I tried to think of something funny to say.  When you’re alone with a cute girl it’s important not to be boring.
"Do you know what would be a cool name for a band?" I said.  "The Chocolate Covered Rats."
         "I’d buy their CD,” Tula said.
"I think that's what I'll be when I grow up," I said.  "A professional rock band namer."        
I think Tula was impressed that I was already starting to think about my career.  She gave me a big stupid grin.  A big stupid grin isn't really stupid.  No way.  It's the most precious kind of smile a girl can give you.  It's an 'I'VE GOT A CRUSH ON YOU' kind of smile.

Just because we kid around a lot, please don’t think we can’t have serious moments.  A young crush can have profound emotional depth.  At the end of the book, when I am about to embark on a journey to rescue my grandmother, a journey that will place me in great peril, Tula and I have a serious moment together.
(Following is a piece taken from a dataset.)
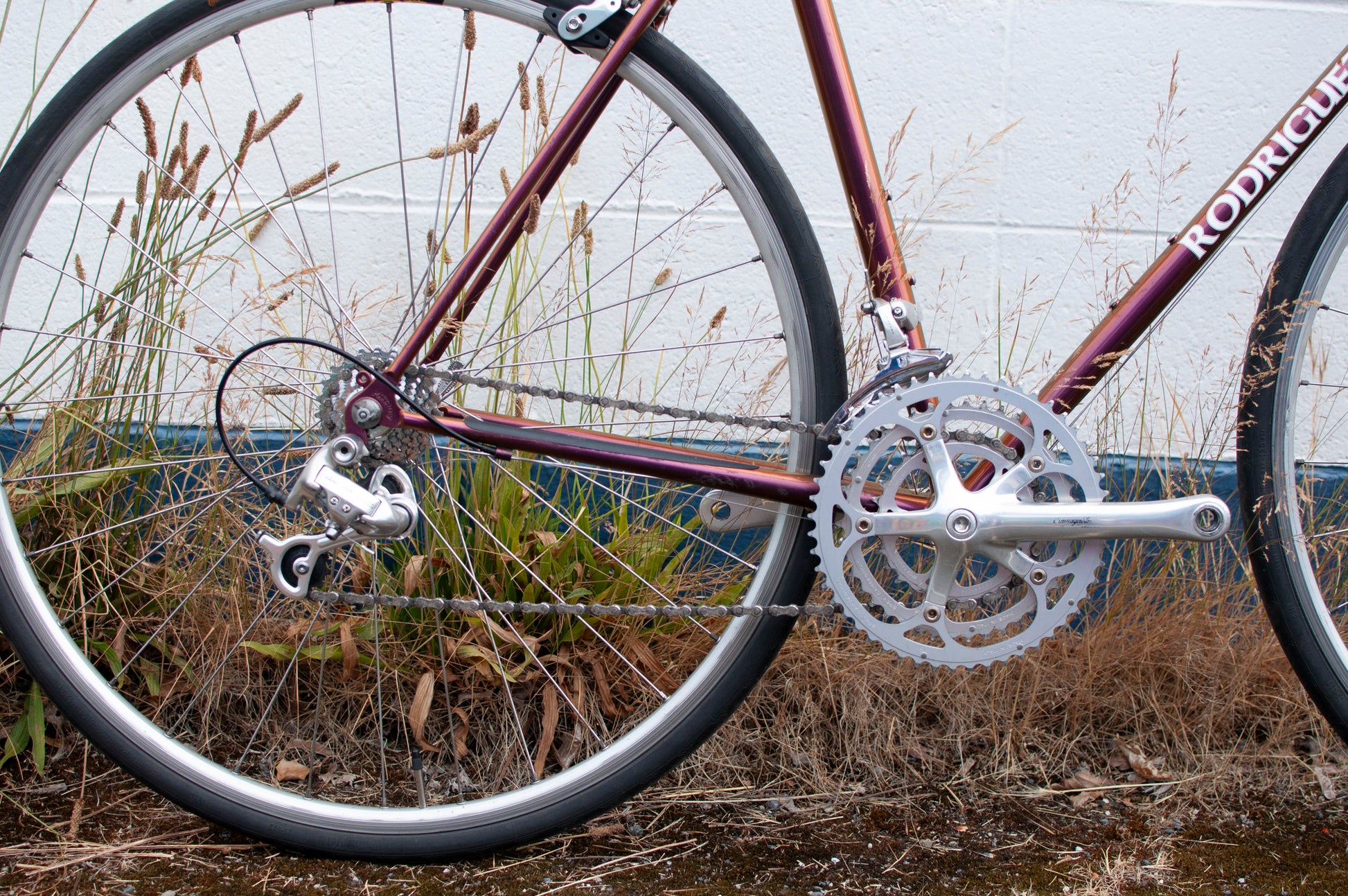 3x9 Campagnolo Veloce drivetrain (crankset, cassette, derailleurs, brifters) and matching Campagnolo Veloce caliper rim brakes and Campy hubs. Geared for speed and for climbing hills.

“Tula, I have a favor to ask.”
“Anything, Giles.”
“Listen, this is really hard to say but…but…I don’t want to die without ever having kissed a girl.  So can we kiss?”
“Why not?”
“Then you won’t die,” Tula said.  “If you die without ever having kissed a girl it’s extremely embarrassing.  When you get to heaven they’ll all laugh at you.  Oh, here comes Giles.  He never kissed a girl.  Ha Ha.”
“Well then, I guess I’d better not die.”
She wrapped her arms around me.  “You’d better not.”

So there you have it.  Romance in MG can be a beautiful thing.  Please don’t be afraid to explore it!


  1. Thank you so much for sharing this! I usually write YA but started my first MG novel this month. My MC Jupiter has a crush on a girl and this has given me so reassurance about letting the romance shine. I'm afraid of MG because you have to be careful not to go too far but I'm glad I finally decided to dive in.

  2. I'm glad you wrote this, main character. I'm 3/4 through a MG rough draft now. My characters are 13. Some romance and depth was coming up. Thought I was out of my mind, but now I believe I might be able to pull it off. Thanks!

  3. My MG students really enjoy romance, as long as it is awkward and kind of funny. They are interested, but they want to see the characters almost make fun of it, and themselves, while it is happening.

  4. That is an awkward time altogether so I can certainly see MG romance being a bashful, silly and sometimes serious exchange between characters.

  5. Love this post! Having crushes/romance in MG can be tricky, but it can definitely be an age where kids are starting to think about their friends in different ways, especially as you get to the top end of the 8-12 spectrum (i.e., "wow, my best friend is actually really pretty and she always smells so nice...what? where did that thought come from! let's play spies."

  6. Great post! I don't think romance is a must in MG, but it can certainly be a lot of fun. Love the quotes from this book. :)

  7. I love this post written by your MC! Well done!

  8. Sounds like we have a bunch of brilliant writers out there who are ready to take on this tricky task! Bravo!

  9. I also think as MG writers we have to keep in mind that our books attract readers younger than our main characters. If our characters are 12/13, then we'll get a lot of 10+ readers, or even younger (subject matter pending). Therefore, use of careful language when exploring crushes is vital. It's all in the way the writer presents it. Love the way it's presented above. Awesome writing, James.

    1. Great point, Tracy. My main audience is 3-5th graders. They're certainly not 13.